▶ TASK ITEM
Your answer should repeat exactly the lines from the one holding "Maxi Βραδινό Φόρεμα" through the end of the data, and it should contain no pictures.

= Beginning of Section =

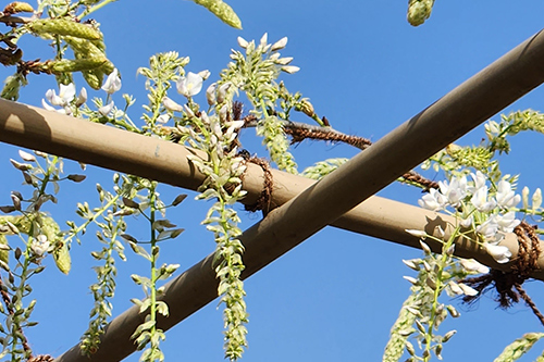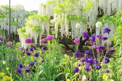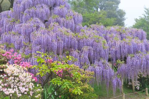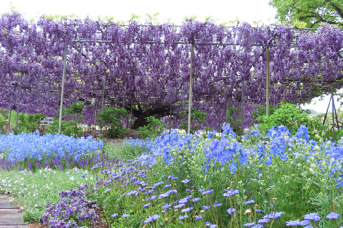 むらさき藤、白藤、きばな藤と3色の藤色が同時にお楽しみ頂けます。
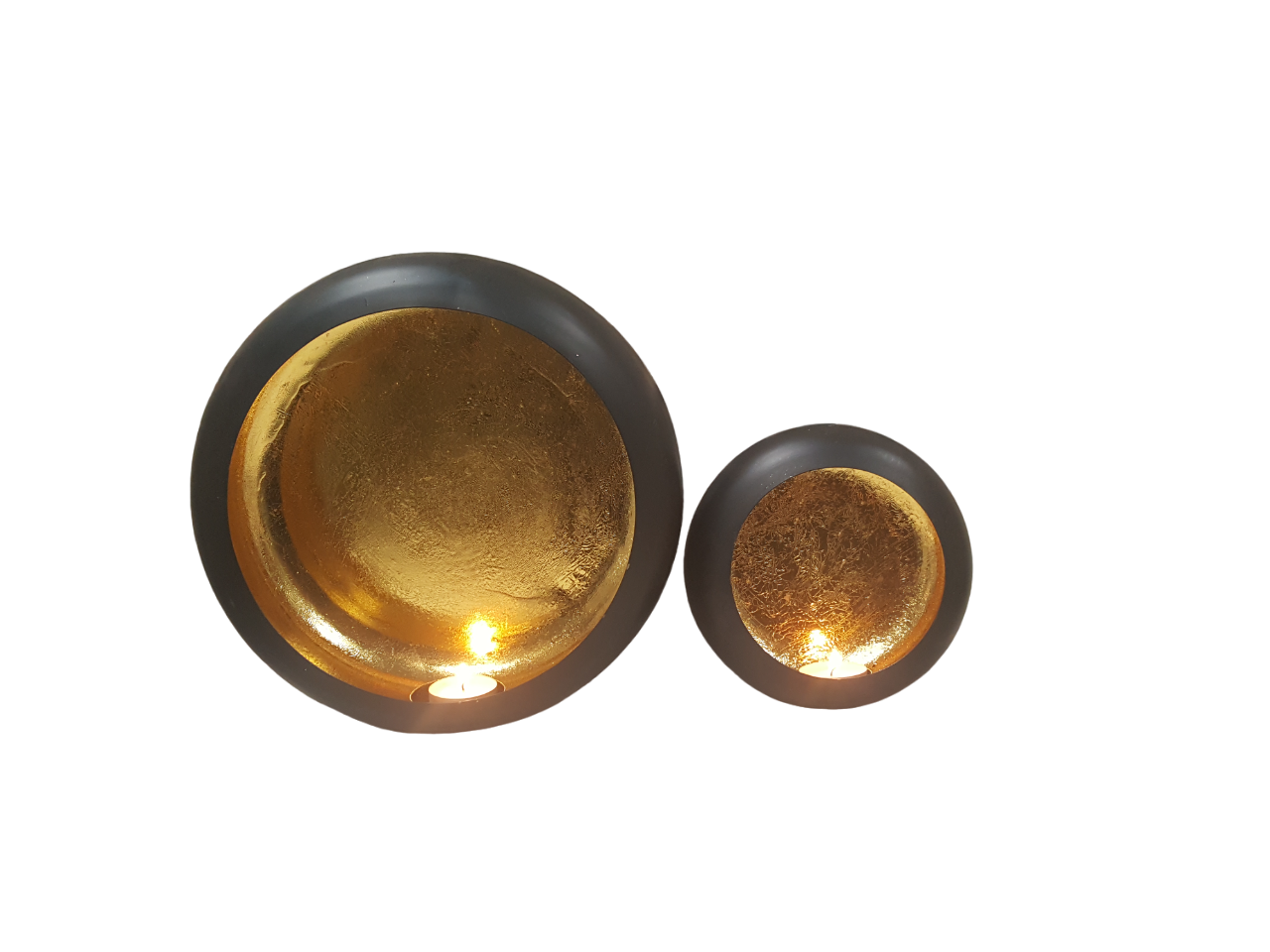 De ronde wandkaarsenhouders zijn aan de buitenkant zwart gelakt en aan de binnenkant bekleed met goudfolie, waardoor de ondergrond er "gekreukt" uitziet. Het kaarslicht wordt meerdere keren gebroken, waardoor de theelichthouders warmte en vriendelijkheid uitstralen en een sfeervolle atmosfeer creëren – ideaal voor avonden met z'n tweeën, met vrienden en familie.
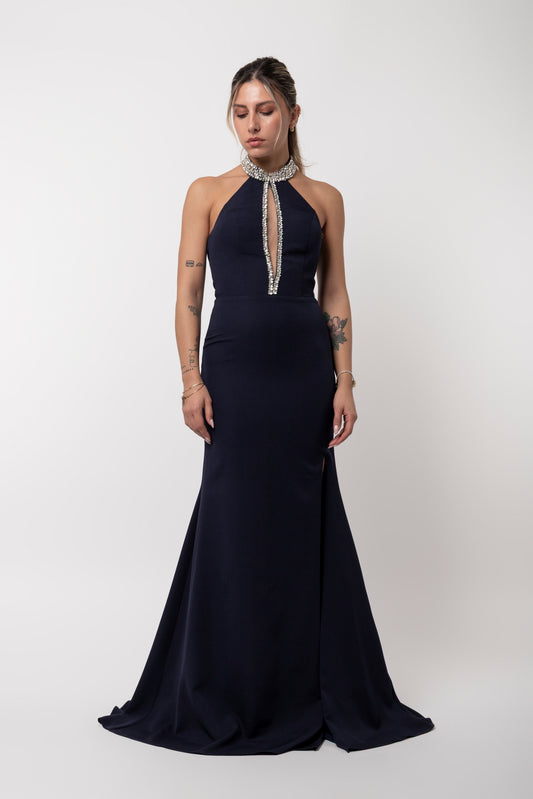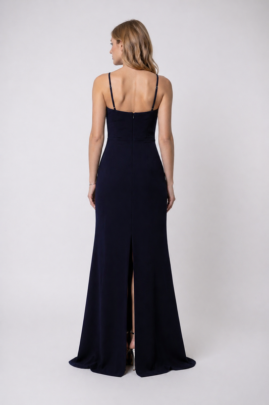 Maxi Βραδινό Φόρεμα Σκούρο Μπλε & Φόυξια για Γάμο DR-1002-46
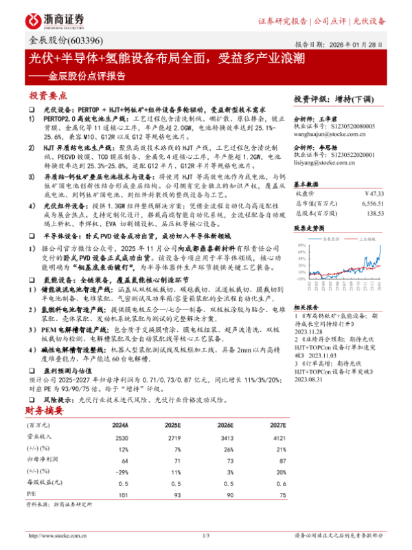 【浙商证券】【2023】光伏+半导体+氢能设备布局全面,受益多产业浪潮——金辰股份点评报告-3页
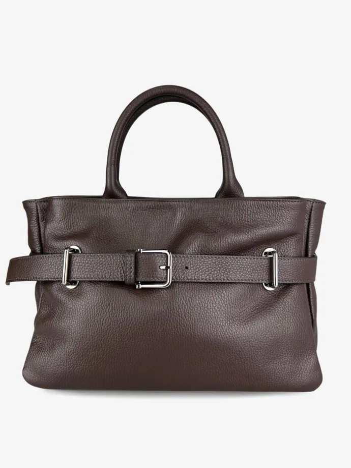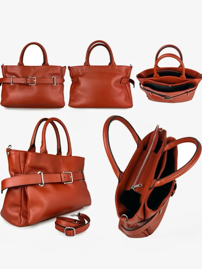 Torebka wykonana z mięsistej skóry naturalnej, z ozdobnym paskiem. Trzy niezależne przegródki i dodatkowy pasek do noszenia na ramieniu.

= End of Section =

▶ WRITTEN SOLUTION
 Maxi Βραδινό Φόρεμα Σκούρο Μπλε & Φόυξια για Γάμο DR-1002-46
 【浙商证券】【2023】光伏+半导体+氢能设备布局全面,受益多产业浪潮——金辰股份点评报告-3页
 Torebka wykonana z mięsistej skóry naturalnej, z ozdobnym paskiem. Trzy niezależne przegródki i dodatkowy pasek do noszenia na ramieniu.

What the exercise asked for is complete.